Serial analysis of gene expression (SAGE) was applied for profiling expressed genes in rice seedlings. In the SAGE method, a 9–11 bp fragment (tag) represents each transcript, and frequency of a tag in the sample directly reflects the abundance of the respective mRNA. We studied 10 122 tags derived from 5921 expressed genes in rice (Oryza sativa L.) seedlings, among which only 1367 genes (23.1%) matched the rice cDNA or EST sequences in the DNA database. SAGE showed that most of the highly expressed genes in rice seedlings belong to the category of housekeeping genes (genes encoding ribosomal proteins or proteins responsible for metabolism and cell structure). Unexpectedly, the most highly expressed gene in rice seedlings was a metallothionein (MT) gene, and together with three other messages for MT, it accounts for 2.7% of total gene expression.

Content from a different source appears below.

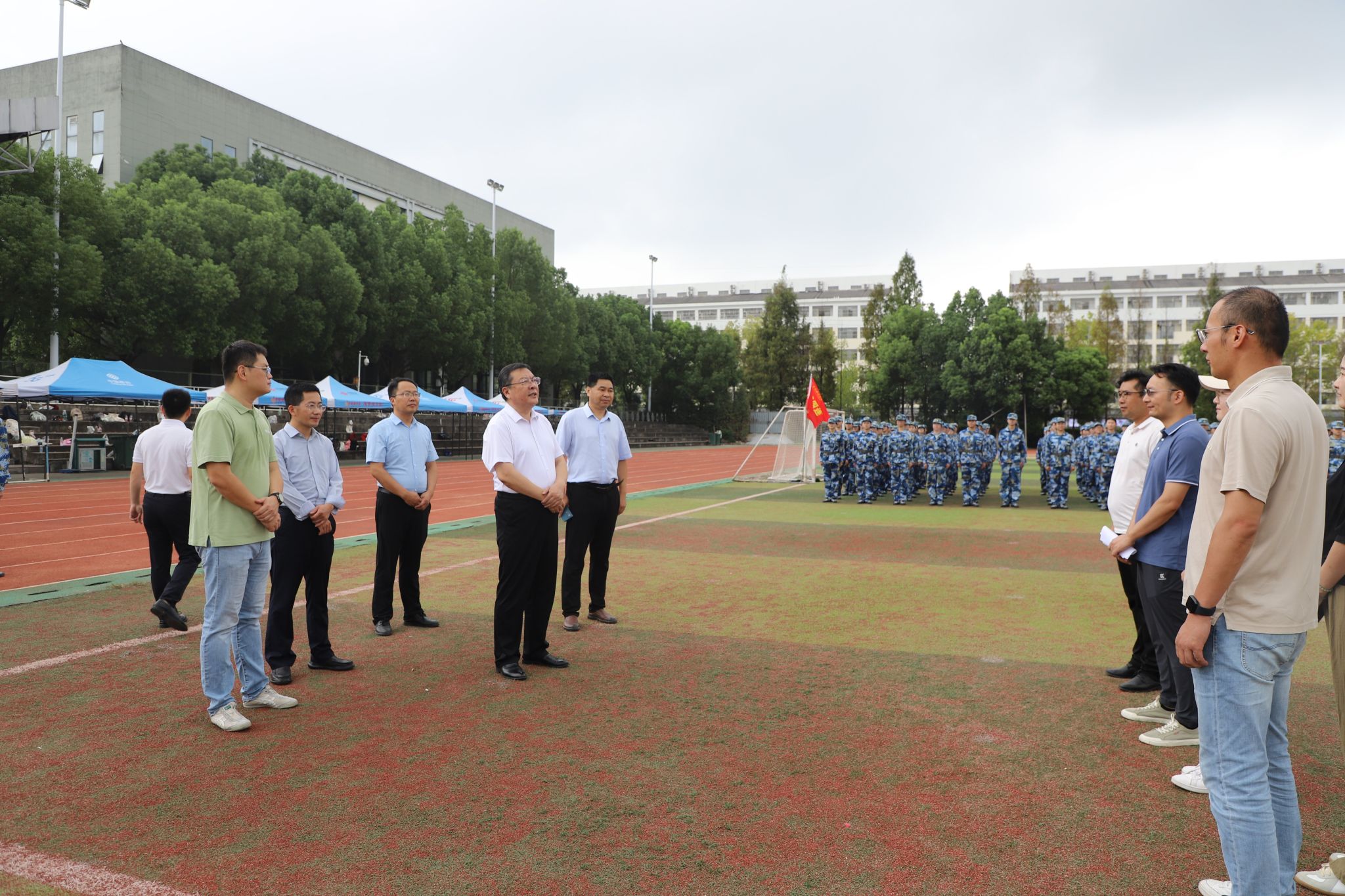 徐成钢一行先后实地查看了锦绣校区监控室、总值班室、图书馆、食堂、门卫岗亭以及军训现场等场所,检查了假期学校安全保卫、值班值守、后勤保障、校园环境卫生、军训施训等情况,并与军训教官和师生员工亲切交谈,向他们致以节日的问候和祝福,对他们的辛勤工作、努力学习、刻苦训练表示肯定,嘱咐大家注意休息、保重身体。

To our knowledge, this is the first quantitative study of global gene expression in a higher plant. We further applied the SAGE technique to identify differentially expressed genes between anaerobically treated and untreated rice seedlings. Additionally, we show that a longer cDNA fragment can be easily recovered by PCR using the SAGE tag sequence as a primer, thereby facilitating the analysis of unknown genes identified by tag sequence in SAGE. In combination with micro-array analysis, SAGE should serve as a highly efficient tool for the identification and isolation of differentially expressed genes in plants.

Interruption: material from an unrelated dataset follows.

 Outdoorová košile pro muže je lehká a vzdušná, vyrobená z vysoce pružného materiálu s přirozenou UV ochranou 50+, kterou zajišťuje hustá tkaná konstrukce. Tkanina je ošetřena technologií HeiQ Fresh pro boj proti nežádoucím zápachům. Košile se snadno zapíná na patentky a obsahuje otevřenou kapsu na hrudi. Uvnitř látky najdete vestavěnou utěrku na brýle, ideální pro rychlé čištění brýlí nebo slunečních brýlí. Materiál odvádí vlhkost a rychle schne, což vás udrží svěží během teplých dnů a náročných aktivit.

Owing to the recent development of genome projects in various organisms, sequence information for genes is accumulating at an unprecedented pace. However, our understanding of the biological functions of genes is being left far behind. Expression analysis of genes comprises one of the most important parts of gene-function studies. High-throughput, quantitative methods for gene expression analysis are currently required to meet this goal. Conventional techniques such as Northern blotting, RNA dot blotting and RT–PCR methods allow the evaluation of only a limited number of genes at one time. To identify genes that are differentially expressed in two samples, differential screening ( Kiyosue et al. 1994 ) or differential display ( Liang & Pardee 1992) techniques have been increasingly applied. Although useful for scaling-up, these methods are not very accurate in quantitatively monitoring differences in gene expression.
Serial analysis of gene expression (SAGE), developed by Velculescu et al. (1995) , allows a highly accurate, quantitative analysis of expression of thousands of genes at a time, and recommends itself as an efficient tool for gene expression studies in the post-genomic era.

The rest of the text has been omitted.